Exercise description:
Using the listing below, print exactly everything from the line with "to Dwelling(%) |" down to the line with "网友们私下里议论开了,说这些", both included, and nothing more.

Available data:
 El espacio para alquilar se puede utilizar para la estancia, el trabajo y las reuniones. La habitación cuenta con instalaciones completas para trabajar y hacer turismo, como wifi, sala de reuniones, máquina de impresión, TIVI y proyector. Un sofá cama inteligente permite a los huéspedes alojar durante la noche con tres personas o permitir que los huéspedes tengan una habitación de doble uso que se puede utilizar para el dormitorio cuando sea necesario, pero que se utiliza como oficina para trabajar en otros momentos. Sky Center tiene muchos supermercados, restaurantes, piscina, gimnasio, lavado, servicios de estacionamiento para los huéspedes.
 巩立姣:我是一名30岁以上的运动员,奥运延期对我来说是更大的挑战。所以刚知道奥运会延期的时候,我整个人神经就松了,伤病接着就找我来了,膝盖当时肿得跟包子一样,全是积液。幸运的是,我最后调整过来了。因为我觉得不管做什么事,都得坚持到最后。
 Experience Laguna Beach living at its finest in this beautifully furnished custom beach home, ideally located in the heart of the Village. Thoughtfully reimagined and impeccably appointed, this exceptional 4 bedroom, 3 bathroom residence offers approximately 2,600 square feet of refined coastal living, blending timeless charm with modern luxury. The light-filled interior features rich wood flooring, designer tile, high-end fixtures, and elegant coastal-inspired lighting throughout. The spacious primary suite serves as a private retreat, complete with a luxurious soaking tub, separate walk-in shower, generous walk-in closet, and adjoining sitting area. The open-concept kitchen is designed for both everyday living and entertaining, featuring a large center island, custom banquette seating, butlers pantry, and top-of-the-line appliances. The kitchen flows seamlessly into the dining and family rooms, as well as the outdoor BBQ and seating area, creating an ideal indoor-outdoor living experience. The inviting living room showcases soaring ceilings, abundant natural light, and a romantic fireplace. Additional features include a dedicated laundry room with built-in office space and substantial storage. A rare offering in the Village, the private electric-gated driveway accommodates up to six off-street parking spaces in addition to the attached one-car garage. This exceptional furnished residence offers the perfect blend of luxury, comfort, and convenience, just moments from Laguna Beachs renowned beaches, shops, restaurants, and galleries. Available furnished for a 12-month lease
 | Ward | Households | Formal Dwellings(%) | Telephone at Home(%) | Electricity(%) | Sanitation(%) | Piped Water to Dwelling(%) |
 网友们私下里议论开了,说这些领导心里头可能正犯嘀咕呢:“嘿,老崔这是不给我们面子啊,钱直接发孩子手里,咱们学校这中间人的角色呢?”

==

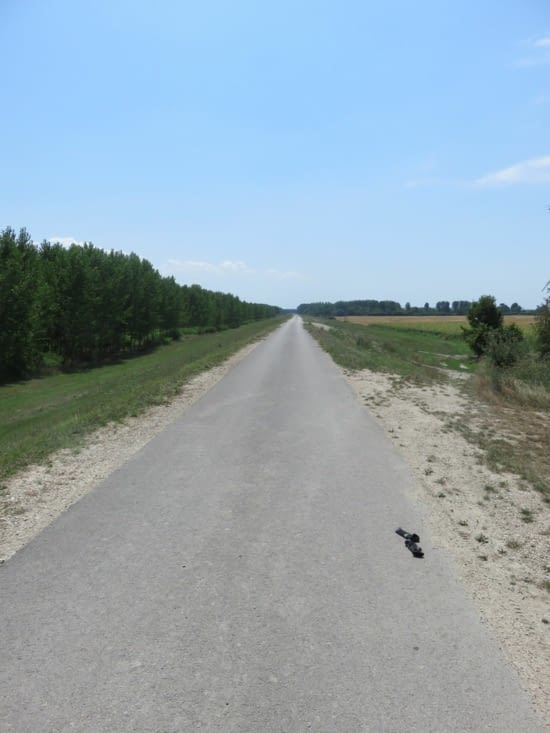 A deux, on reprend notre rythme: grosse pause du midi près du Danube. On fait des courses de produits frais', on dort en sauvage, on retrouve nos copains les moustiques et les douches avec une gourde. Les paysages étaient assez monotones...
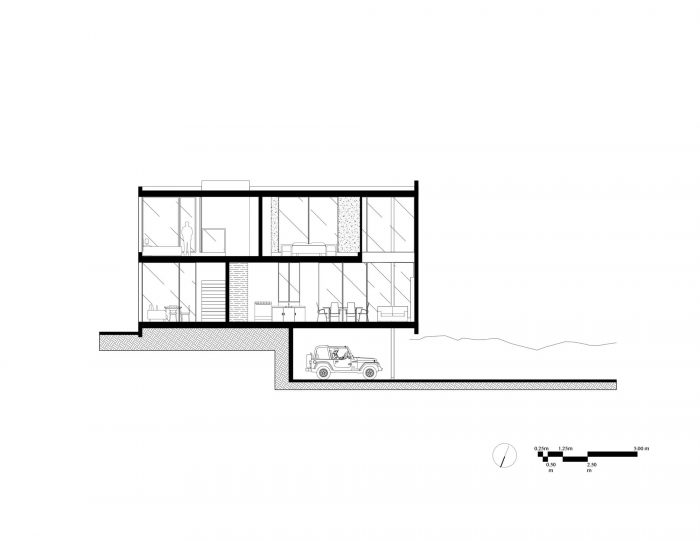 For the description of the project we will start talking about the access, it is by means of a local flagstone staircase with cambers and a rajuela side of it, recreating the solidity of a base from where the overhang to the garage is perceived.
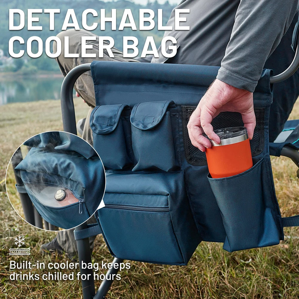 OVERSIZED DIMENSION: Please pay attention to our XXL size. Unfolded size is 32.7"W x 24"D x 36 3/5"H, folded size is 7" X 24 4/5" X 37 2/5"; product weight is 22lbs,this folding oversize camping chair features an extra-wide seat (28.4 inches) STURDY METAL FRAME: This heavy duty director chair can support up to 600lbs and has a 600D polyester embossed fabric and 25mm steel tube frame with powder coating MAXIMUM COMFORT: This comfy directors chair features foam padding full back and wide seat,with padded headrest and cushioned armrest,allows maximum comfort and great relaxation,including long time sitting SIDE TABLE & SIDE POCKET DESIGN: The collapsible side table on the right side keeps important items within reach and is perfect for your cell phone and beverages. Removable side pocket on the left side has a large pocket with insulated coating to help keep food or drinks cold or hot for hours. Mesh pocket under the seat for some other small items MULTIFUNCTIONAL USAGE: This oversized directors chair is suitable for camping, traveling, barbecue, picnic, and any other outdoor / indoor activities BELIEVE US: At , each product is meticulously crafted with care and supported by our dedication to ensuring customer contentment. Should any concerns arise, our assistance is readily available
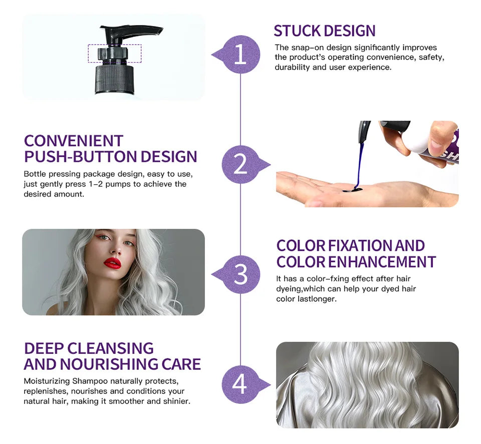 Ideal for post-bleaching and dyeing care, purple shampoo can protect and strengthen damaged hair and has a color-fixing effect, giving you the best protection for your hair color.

...

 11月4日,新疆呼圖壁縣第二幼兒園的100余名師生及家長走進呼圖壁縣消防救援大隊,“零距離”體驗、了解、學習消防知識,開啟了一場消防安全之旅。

Solution below:
 | Ward | Households | Formal Dwellings(%) | Telephone at Home(%) | Electricity(%) | Sanitation(%) | Piped Water to Dwelling(%) |
 网友们私下里议论开了,说这些领导心里头可能正犯嘀咕呢:“嘿,老崔这是不给我们面子啊,钱直接发孩子手里,咱们学校这中间人的角色呢?”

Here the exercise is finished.